Wine as a Tranquilizer
◆ Wine has a tranquilizing effect, even without its alcohol, according to researchers writing in the journal of Studies on Alcohol. They said that wine residue alone had the same calming effect on test animals as alcoholic wine did, equivalent to a mild tranquilizer.
Bagels to Israel
◆ Israel’s first bagel factory opened, not years ago, but just last year in a Tel Aviv suburb. Even now it sells only about 2,000 bagels a day in 100 stores. This may seem strange in the United States, where being Jewish and eating bagels seem almost synonymous. But in Israel, “when people see bagels in a store, most of them don’t know what they are,” says the bakery owner’s wife. Nevertheless, bagels are said to be gaining acceptance there, with sales increasing daily.
Paying Medicine Men
◆ Navajo Indians working for a large coal-mining company in Arizona requested that their union’s health and retirement fund pay for the services of tribal medicine men.
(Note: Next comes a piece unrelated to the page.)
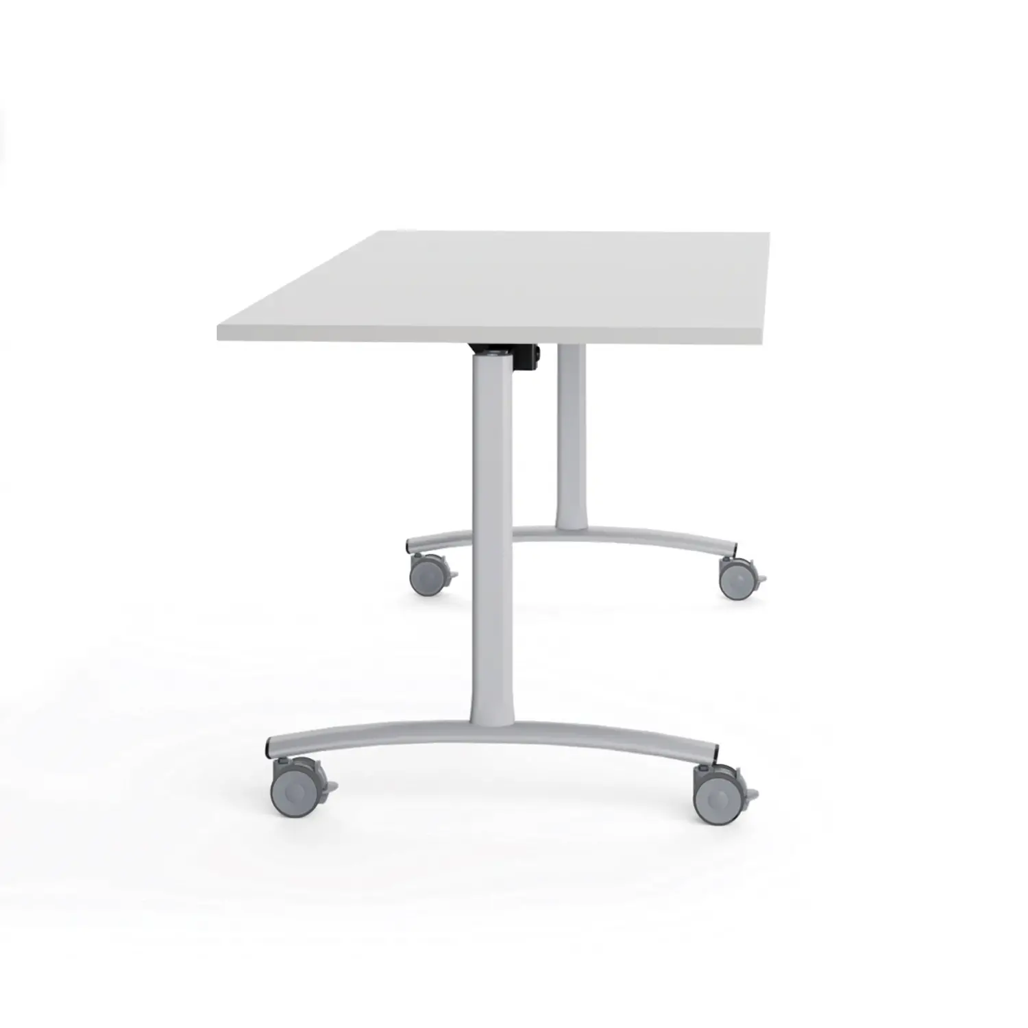 Grazie al piano ribaltabile e alle ruote, il tavolo può essere spostato, impilato e riposto con facilità, adattandosi a ogni esigenza di spazio.

Fees are said to range from $20 to $50 for short ceremonies and even up to thousands of dollars for long, complex “curing ceremonials.” The Navajos “rely on medicine men to ease aches and pains and emotional problems,” reports The Wall Street Journal, while ordinary physicians handle physical injuries.
Another Ringed Planet?
◆ For many years, Saturn was thought to be the only planet in our solar system with rings. However, a new observation of Uranus indicates that it, too, may have rings. The rings were discovered when the distant planet was observed from a flying laboratory as it eclipsed a distant star. Light from the star blinked out five times both before and after the planet itself blocked the light, indicating the possible existence of at least five rings. Four inner rings are thought to be about 10 kilometers (6 miles) across, and the outer ring, 100 kilometers (62 miles) across. They cannot be observed by earth-bound telescopes.
“Beefalo” Update
◆ The cross between cattle and buffalo developed by a California rancher is beginning to take hold with U.S. farmers. Pennsylvania farmer Larry Lowers says: “We were raising Herefords before, and like every other farmer we were going into the hole. This is going to pay off.” He had experimented by raising calves of “beefalo,” Hereford, Holstein and Black Angus together on pasture grass and other roughage. The “beefalo” grew to 1,000 pounds (450 kilograms), while the others only reached about half that weight, he reports. It withstood disease and weather far better than the other animals and saved tons of feed grain. Lowers also claims that “beefalo” leaves less than half the percentage of waste of regular beef when slaughtered.
Shorter Workweek?
◆ The five-day workweek, so common in much of the industrial world, gets a cool reception in Japan. Several government agencies refused to try the shortened week in experimental programs, and banks postponed indefinitely a scheduled switch from six days to five. The Daily Yomiuri reports that recently the nation’s school boards also refused to enforce a trial five-day workweek proposed by the Ministry of Education. Why the resistance to shorter hours? Many observers believe one reason is that Japanese people like to work. Even when given Saturdays off, many will go in anyway without extra pay. Staying at work after quitting time also is common.
Speed Limit Pays
◆ According to the National Safety Council, at least 27,000 American lives have been saved in the past three years by the 55-mile-per-hour (89-kilometer-per-hour) speed limit. The toll has dropped from 55,511 deaths in 1973 to about 47,000 in 1976.